NJ could ban racial discrimination based on hair
New Jersey could become the third state in the country to legally ban discrimination based on hair, inspired in part by the high school wrestler forced by a referee to cut his dreadlocks before a match this winter.
A bill introduced in June would prohibit discrimination on the basis of hair style, type, or texture under the state's law against discrimination.
Assemblywoman Angela McKnight, a Democrat from Jersey City, told the North Jersey Record that her "heart broke" seeing the images of Buena Regional High School student Andrew Johnson standing in a gym as a female trainer took scissors to his hair.
The referee who delivered the ultimatum to the athlete in December has not refereed a match since, according to the Philadelphia Inquirer, and the case remains under investigation by the state Division on Civil Rights.

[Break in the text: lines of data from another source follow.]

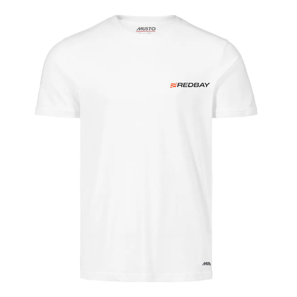 Iconic Branding: The classic Redbay Boats logo is prominently displayed on the chest
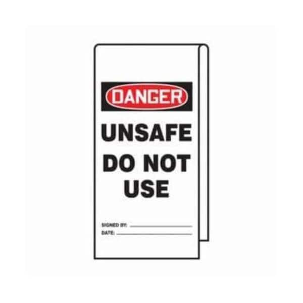 Accuform Safety Tag, Series Wrap 'n Stick, DANGER UNSAFE DO NOT USE Legend, 12 in Height, 318 in Width, Adhesive Vinyl Wrap 'n Stick tags convenient, easy to apply tags just wrap around and stick tags don't require any additional Fasteners to be securely Attached Durable, Adhesive vinyl tags measure 12 x 318 in and have double scored peel and stick liners Pull off top and bottom Portions to allow the tag to stick to itself, but not the tagging location surface
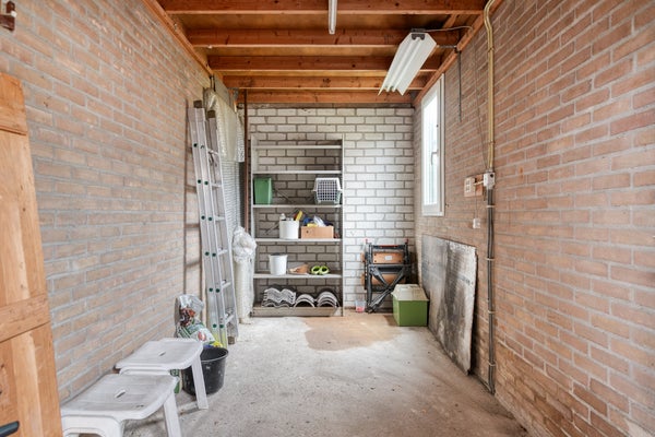 De garage is geschikt voor het plaatsen van één auto en is voorzien van een elektrische deur. Er is een raam met dubbel glas aanwezig.
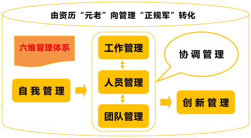 自我管理 | 管理转型:《管理者的格局突破与情商开发》 思维模式与格局修为; 管理者应具备的格局; 做事原则与执行方略; 目标使命与责任担当; 人际关系与沟通技巧; 职位权力与个人权力; 管理者影响力构成; 塑造中高层管理干部人格魅力。 | 管理能力:《中层管理干部十项管理技能提升》 科学管理思维塑造; 管理角色认知与定位 目标管理与工作控制; 授权与激励技巧; 部属培育与激发技巧; 高效沟通技巧;问题分析与解决; 高效时间管理;高效执行力; 领导力与影响力修炼。 |
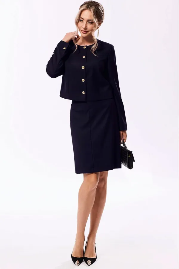 Юбка с пришивным поясом, застежкой на потайную молнию в среднем шве заднего полотнища. Заднее полотнище с талиевыми вытачками. Заднее полотнище со средним швом, заканчивающимся разрезом.
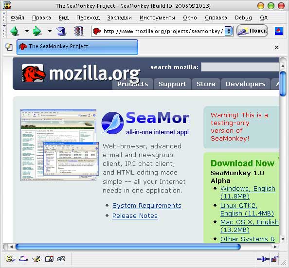 Разработчик: SeaMonkey Team, при поддержке Mozilla Foundation
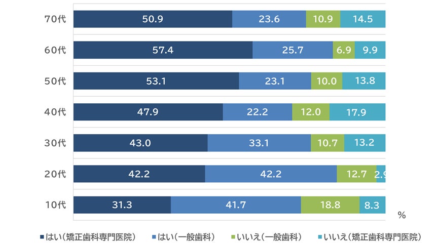 10代では「はい(一般歯科)」が41.7%、「はい(矯正歯科専門医院)」が31.3%、20代では両者が42.2%と同率だった。
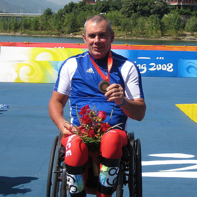 Alain Quittet, âgé de 52 ans, remporte la médaille de bronze en hand-bike* dans l’épreuve du contre-la-montre. Il participe à de multiples marathons (Paris, New York…) et est l’un des meilleurs athlètes hand-bike de la planète. Une blessure à l’épaule l’oblige à changer de discipline : il choisit le para-tir sportif, une discipline dans laquelle il va aussi briller.
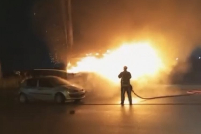 Yangın, merkez Osmangazi ilçesinde meydana geldi. Seyyar olarak kokoreç satılan araçta henüz bilinmeyen bir sebeple yangın çıktı. Yangını gören vatandaşlar durumu itfaiye ekiplerine bildirdi. İhbar üzerine olay yerine gelen itfaiye ekipleri yangını söndürürken, araç kullanılamaz hale geldi. Alev alev yanan araç, amatör kameraya yansıdı.
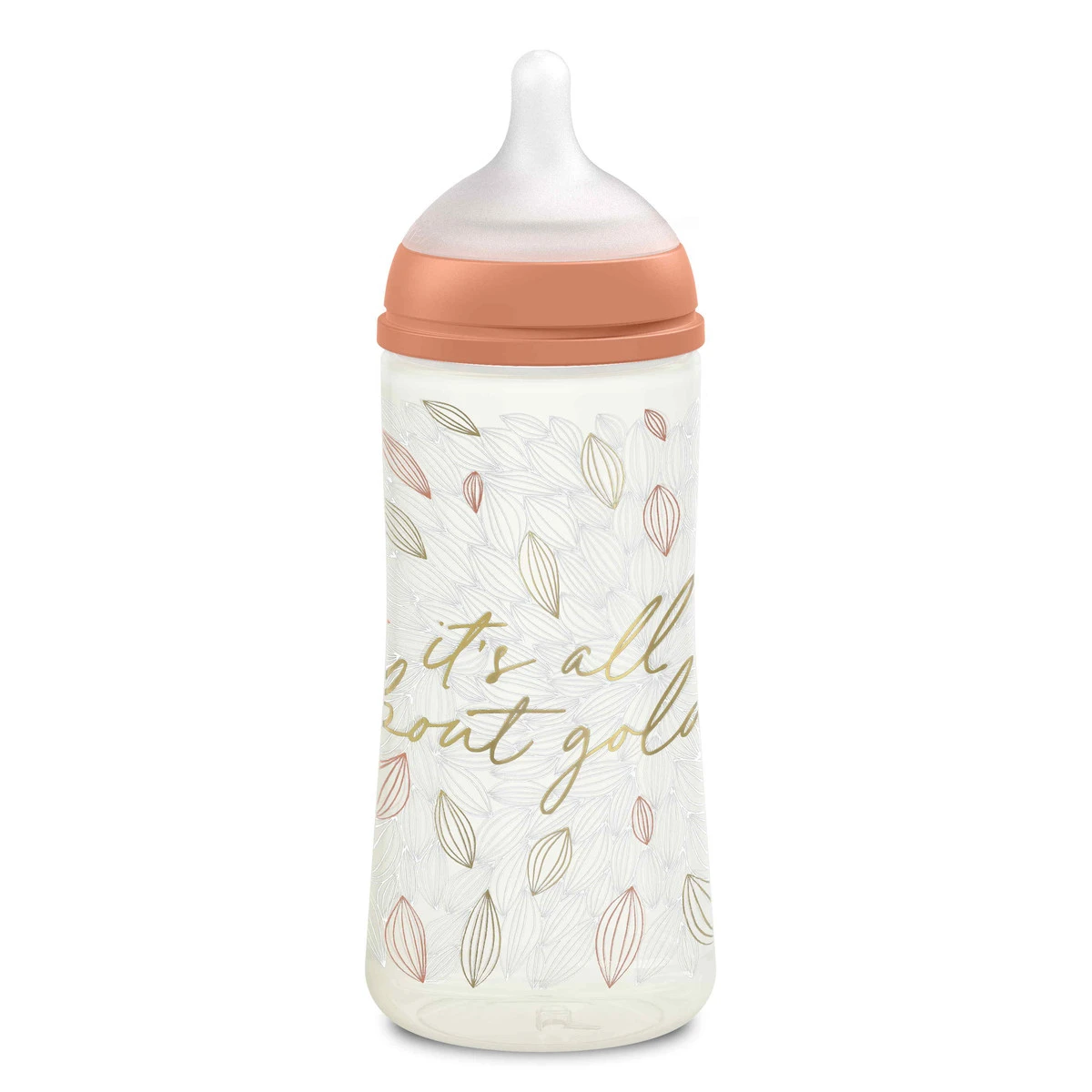 Wat een prachtige fles uit de Gold collectie van Suavinex! Het flesje is gemaakt van kunststof en heeft een fijne vorm die makkelijk is vast te houden.

Specifically, the measure would amend the law so that the term “race” includes “traits historically associated with race, including, but not limited to, hair texture, hair type, and protective hairstyles,” such as braids, locks, and twists.
McKnight hopes to pass the bill, which was posted in the Labor committee, before the end of the year. An identical measure was introduced in the state Senate.
California this month became the first state to prohibit employers from discriminating based upon hairstyle, as Gov. Gavin Newsom signed into law the CROWN Act (Create a Respectful and Open Workplace for Natural Hair) to take effect in January 2020.
New York Gov. Andrew Cuomo signed a similar bill into law there on July 12.